**PROVIDED MATERIAL:**
# # # # #
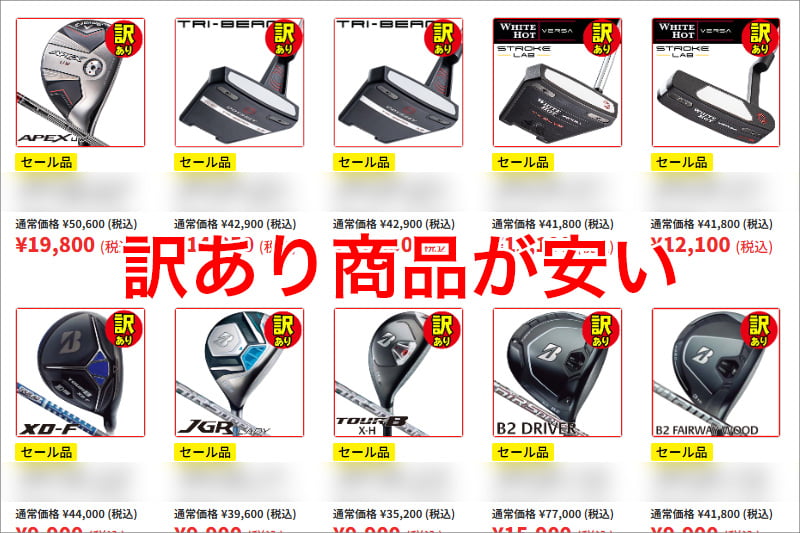 キャロウェイやブリヂストンといった有名ゴルフクラブも訳あり商品になっていることがあり、安いです。
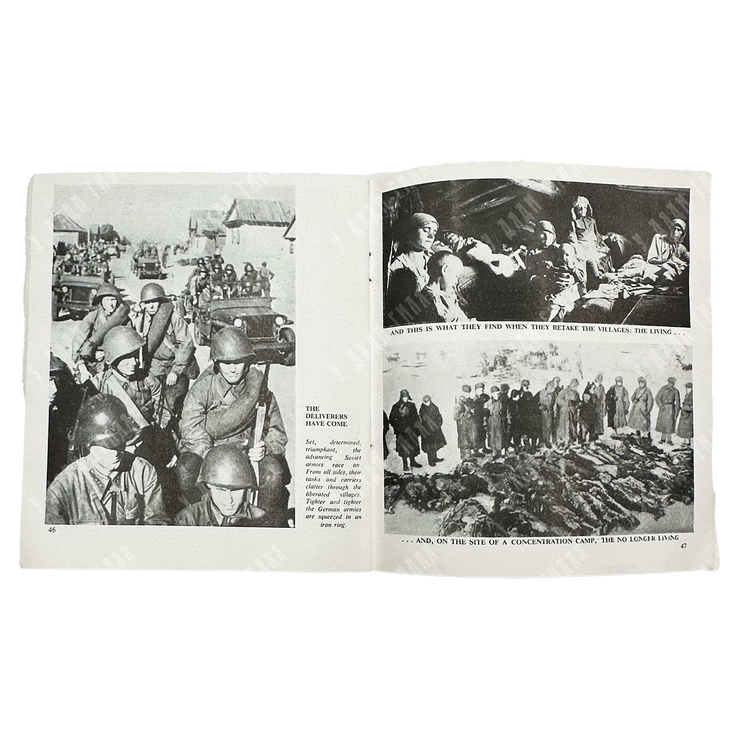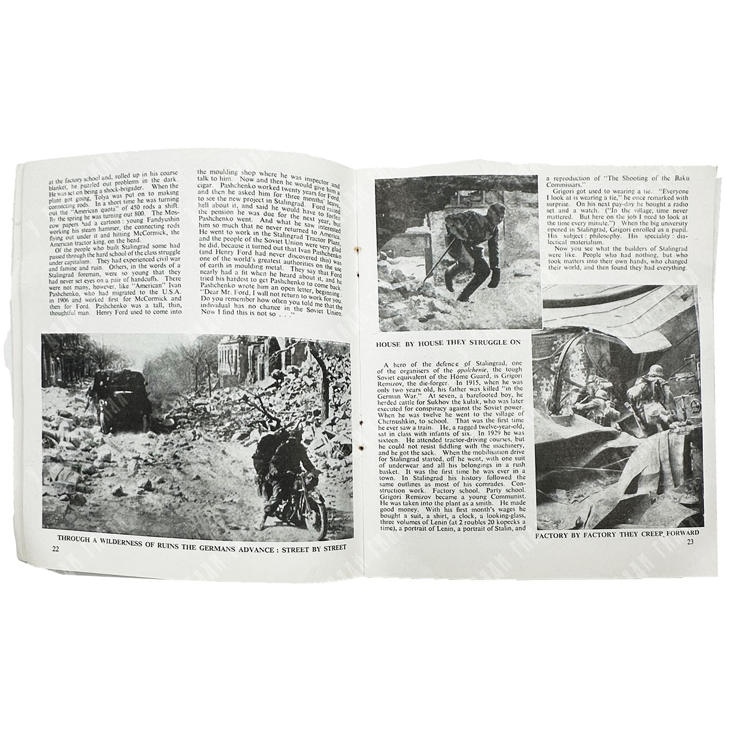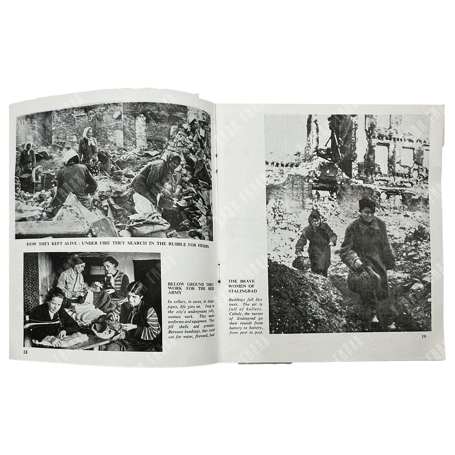Редкое зарубежное пропагандистское издание времен Второй мировой войны, выпущенное по «горячим следам» Сталинградской битвы. Книга представляет собой уникальный пример того, как подвиг советского народа транслировался западной аудитории союзников. На 52 страницах разворачивается масштабная визуальная хроника: от драматичных видов руинированного города до портретов солдат в моменты наивысшего напряжения боев. Особую ценность представляют оперативные карты наступлений и редкие снимки работы в тылу, призванные подчеркнуть тотальный характер войны. Издание является важным историческим источником, отражающим международную солидарность и роль британской компартии в поддержке Восточного фронта.
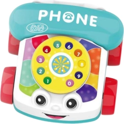 Telefon je opremljen z vrtečim številčnikom, barvnimi elementi in nasmejanim obrazom, kar spodbuja otroka k interakciji ter odkrivanju sveta zvokov, oblik in gibanja. Premični deli, kot sta številčnik ali kolesca, spodbujajo otrokovo radovednost in ga vzpodbujajo k aktivnemu raziskovanju.
# # # # #
Could you return, word for word, every line from the line with "Редкое зарубежное пропагандистское" through the last line of the listing above, both ends included, without any pictures?

Редкое зарубежное пропагандистское издание времен Второй мировой войны, выпущенное по «горячим следам» Сталинградской битвы. Книга представляет собой уникальный пример того, как подвиг советского народа транслировался западной аудитории союзников. На 52 страницах разворачивается масштабная визуальная хроника: от драматичных видов руинированного города до портретов солдат в моменты наивысшего напряжения боев. Особую ценность представляют оперативные карты наступлений и редкие снимки работы в тылу, призванные подчеркнуть тотальный характер войны. Издание является важным историческим источником, отражающим международную солидарность и роль британской компартии в поддержке Восточного фронта.
 Telefon je opremljen z vrtečim številčnikom, barvnimi elementi in nasmejanim obrazom, kar spodbuja otroka k interakciji ter odkrivanju sveta zvokov, oblik in gibanja. Premični deli, kot sta številčnik ali kolesca, spodbujajo otrokovo radovednost in ga vzpodbujajo k aktivnemu raziskovanju.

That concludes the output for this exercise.